- [The task]:
Within the material below, locate the line with "Na zbiórkę zapraszamy" and the line with "Insieme ad Iphon, con", then return those two lines and all lines between them, exactly as written.

- [Material for this exercise]:

----

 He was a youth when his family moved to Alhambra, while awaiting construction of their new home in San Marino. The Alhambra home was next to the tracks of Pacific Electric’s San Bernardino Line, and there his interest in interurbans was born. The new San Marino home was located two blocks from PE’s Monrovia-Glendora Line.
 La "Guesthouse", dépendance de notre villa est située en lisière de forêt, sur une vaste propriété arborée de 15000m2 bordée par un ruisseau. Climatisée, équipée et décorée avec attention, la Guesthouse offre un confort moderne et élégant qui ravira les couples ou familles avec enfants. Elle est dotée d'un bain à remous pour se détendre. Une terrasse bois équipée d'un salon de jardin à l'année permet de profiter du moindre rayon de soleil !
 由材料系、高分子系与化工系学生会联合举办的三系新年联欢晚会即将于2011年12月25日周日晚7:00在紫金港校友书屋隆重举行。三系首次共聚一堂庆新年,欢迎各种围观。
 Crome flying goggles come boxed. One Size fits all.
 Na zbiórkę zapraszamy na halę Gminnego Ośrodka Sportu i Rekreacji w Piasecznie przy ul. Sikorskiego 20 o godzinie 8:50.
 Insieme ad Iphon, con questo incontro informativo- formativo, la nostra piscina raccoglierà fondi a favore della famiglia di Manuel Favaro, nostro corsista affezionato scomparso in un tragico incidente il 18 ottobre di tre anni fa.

----

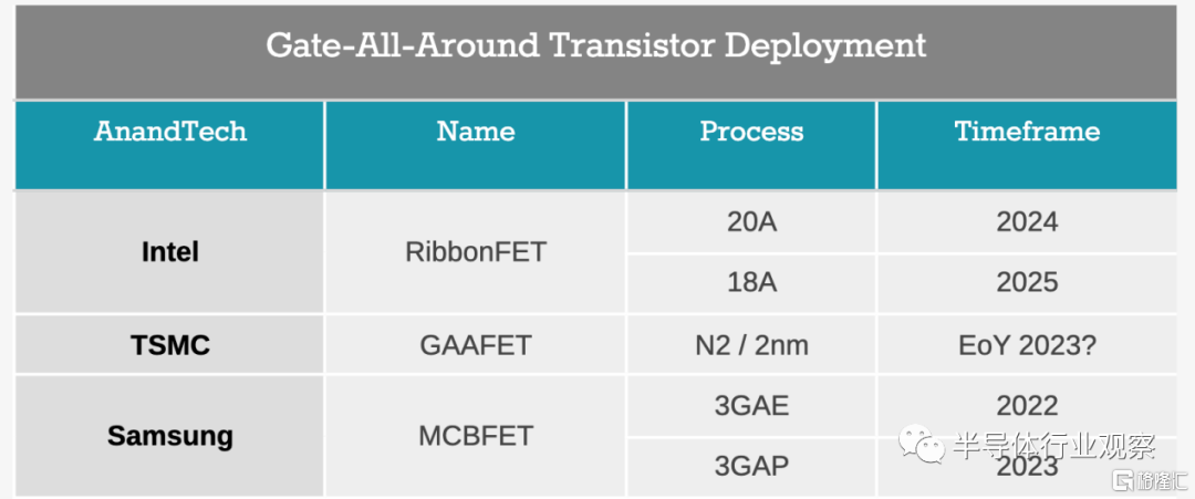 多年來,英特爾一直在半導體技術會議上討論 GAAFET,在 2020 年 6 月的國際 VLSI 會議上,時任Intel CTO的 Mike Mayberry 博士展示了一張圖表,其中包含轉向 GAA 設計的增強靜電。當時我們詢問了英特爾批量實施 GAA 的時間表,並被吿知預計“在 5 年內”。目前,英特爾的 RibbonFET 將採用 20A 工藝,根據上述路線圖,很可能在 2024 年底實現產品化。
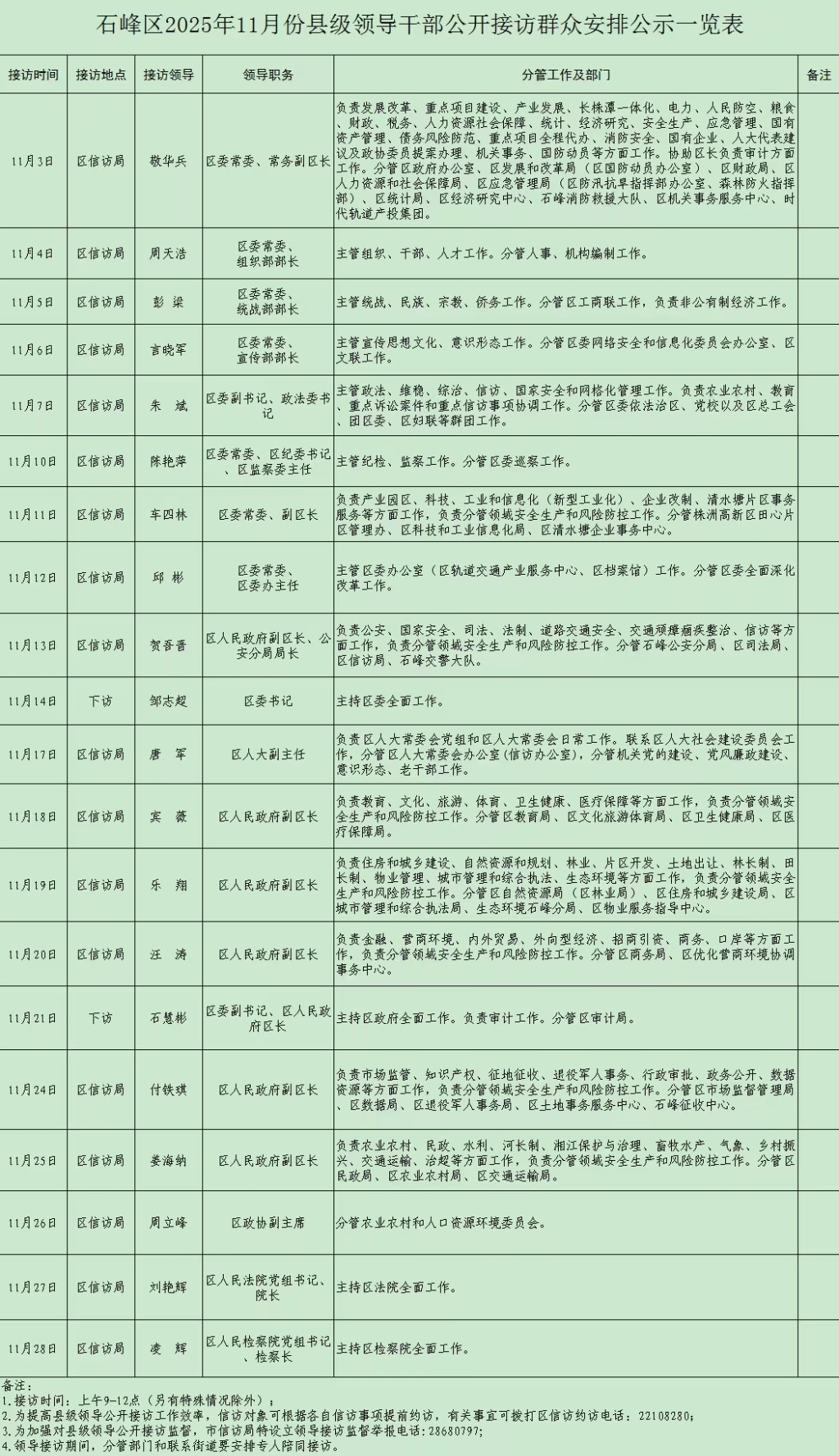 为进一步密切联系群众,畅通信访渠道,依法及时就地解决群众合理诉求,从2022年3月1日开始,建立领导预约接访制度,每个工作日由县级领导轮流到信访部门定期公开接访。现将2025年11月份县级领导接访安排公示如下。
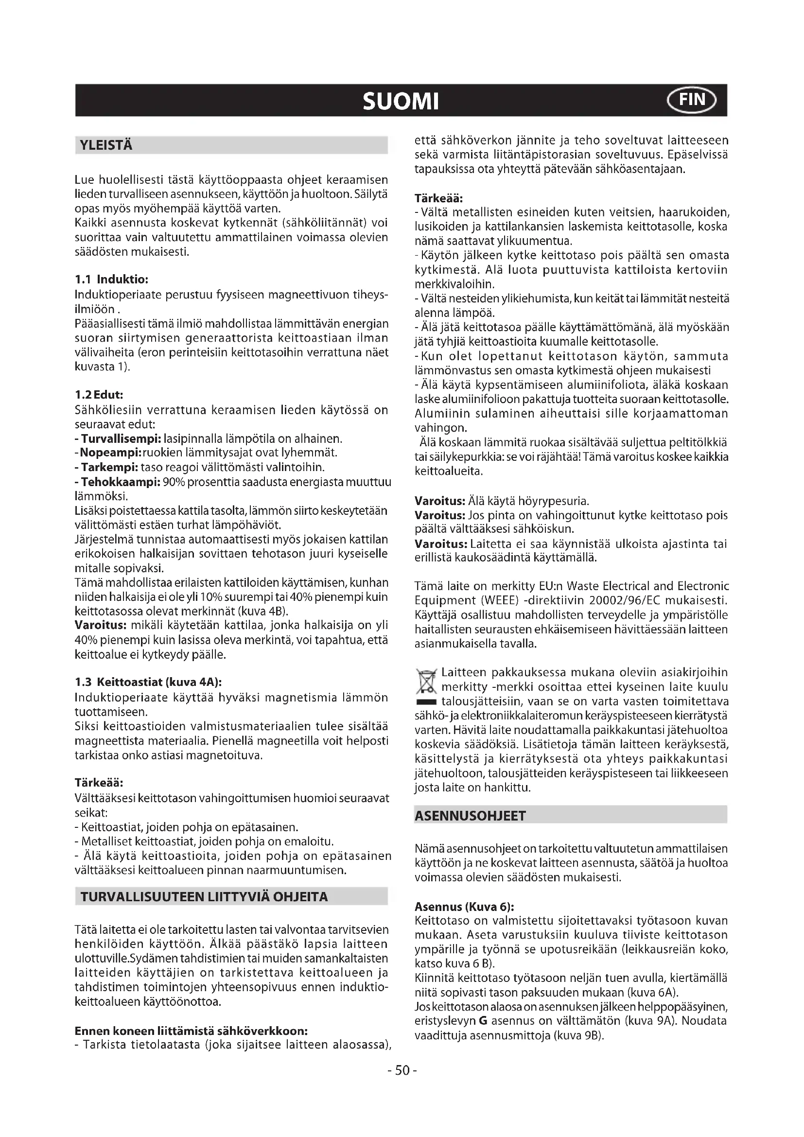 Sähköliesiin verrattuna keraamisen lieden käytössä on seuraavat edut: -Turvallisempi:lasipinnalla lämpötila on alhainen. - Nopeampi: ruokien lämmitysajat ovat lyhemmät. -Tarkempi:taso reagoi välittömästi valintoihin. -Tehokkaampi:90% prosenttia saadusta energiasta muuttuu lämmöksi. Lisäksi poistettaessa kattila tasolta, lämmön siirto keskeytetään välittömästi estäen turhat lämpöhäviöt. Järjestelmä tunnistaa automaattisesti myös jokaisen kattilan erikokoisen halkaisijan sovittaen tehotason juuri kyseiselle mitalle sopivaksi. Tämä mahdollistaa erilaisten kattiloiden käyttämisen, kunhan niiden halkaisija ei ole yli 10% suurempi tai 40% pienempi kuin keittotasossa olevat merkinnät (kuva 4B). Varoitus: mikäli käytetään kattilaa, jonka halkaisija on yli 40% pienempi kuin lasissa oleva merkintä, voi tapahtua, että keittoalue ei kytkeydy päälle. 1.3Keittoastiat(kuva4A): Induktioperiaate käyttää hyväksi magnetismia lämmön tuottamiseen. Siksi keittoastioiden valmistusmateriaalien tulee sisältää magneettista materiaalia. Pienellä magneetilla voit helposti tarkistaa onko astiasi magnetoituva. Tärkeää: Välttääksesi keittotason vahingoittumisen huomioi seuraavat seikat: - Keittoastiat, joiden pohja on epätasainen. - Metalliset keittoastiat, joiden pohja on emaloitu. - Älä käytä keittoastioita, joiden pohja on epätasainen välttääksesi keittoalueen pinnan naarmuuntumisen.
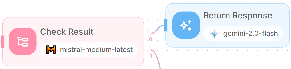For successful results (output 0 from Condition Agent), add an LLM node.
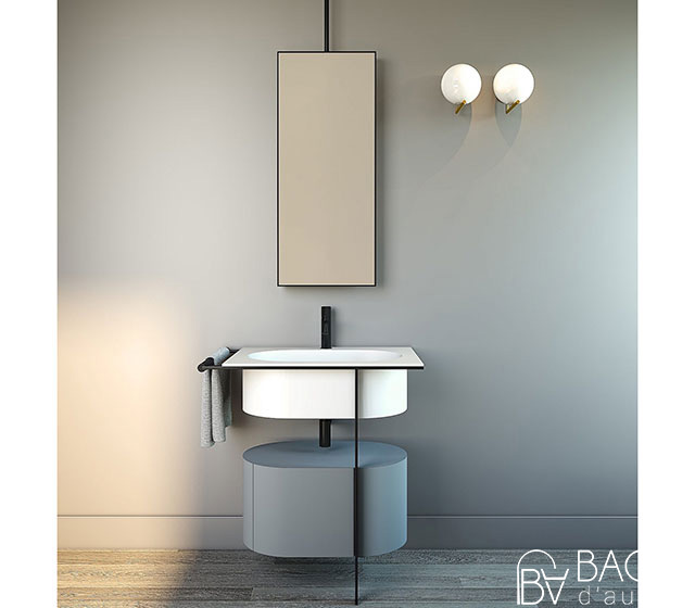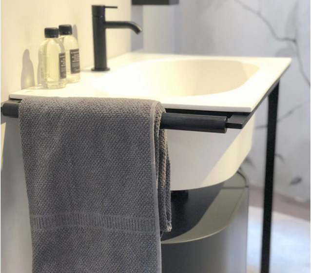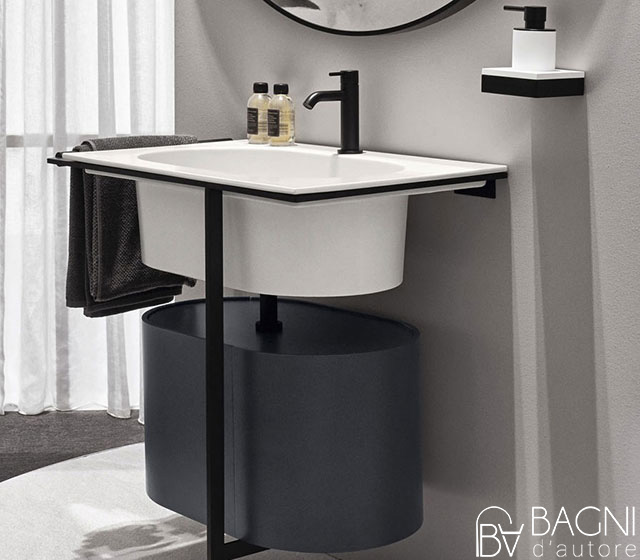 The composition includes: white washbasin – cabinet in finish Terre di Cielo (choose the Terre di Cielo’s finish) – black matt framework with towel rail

----

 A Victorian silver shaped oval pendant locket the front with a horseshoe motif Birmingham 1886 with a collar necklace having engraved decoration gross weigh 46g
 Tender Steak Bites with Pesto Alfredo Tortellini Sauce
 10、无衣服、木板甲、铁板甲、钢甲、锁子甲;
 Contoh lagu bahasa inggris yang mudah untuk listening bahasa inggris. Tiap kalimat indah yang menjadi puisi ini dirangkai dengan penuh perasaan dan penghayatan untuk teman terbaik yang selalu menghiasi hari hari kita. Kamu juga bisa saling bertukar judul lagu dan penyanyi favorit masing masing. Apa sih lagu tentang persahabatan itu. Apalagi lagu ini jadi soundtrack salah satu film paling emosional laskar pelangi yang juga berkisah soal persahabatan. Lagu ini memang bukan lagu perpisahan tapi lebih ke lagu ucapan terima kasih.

----

- [Solved problem]:
 Na zbiórkę zapraszamy na halę Gminnego Ośrodka Sportu i Rekreacji w Piasecznie przy ul. Sikorskiego 20 o godzinie 8:50.
 Insieme ad Iphon, con questo incontro informativo- formativo, la nostra piscina raccoglierà fondi a favore della famiglia di Manuel Favaro, nostro corsista affezionato scomparso in un tragico incidente il 18 ottobre di tre anni fa.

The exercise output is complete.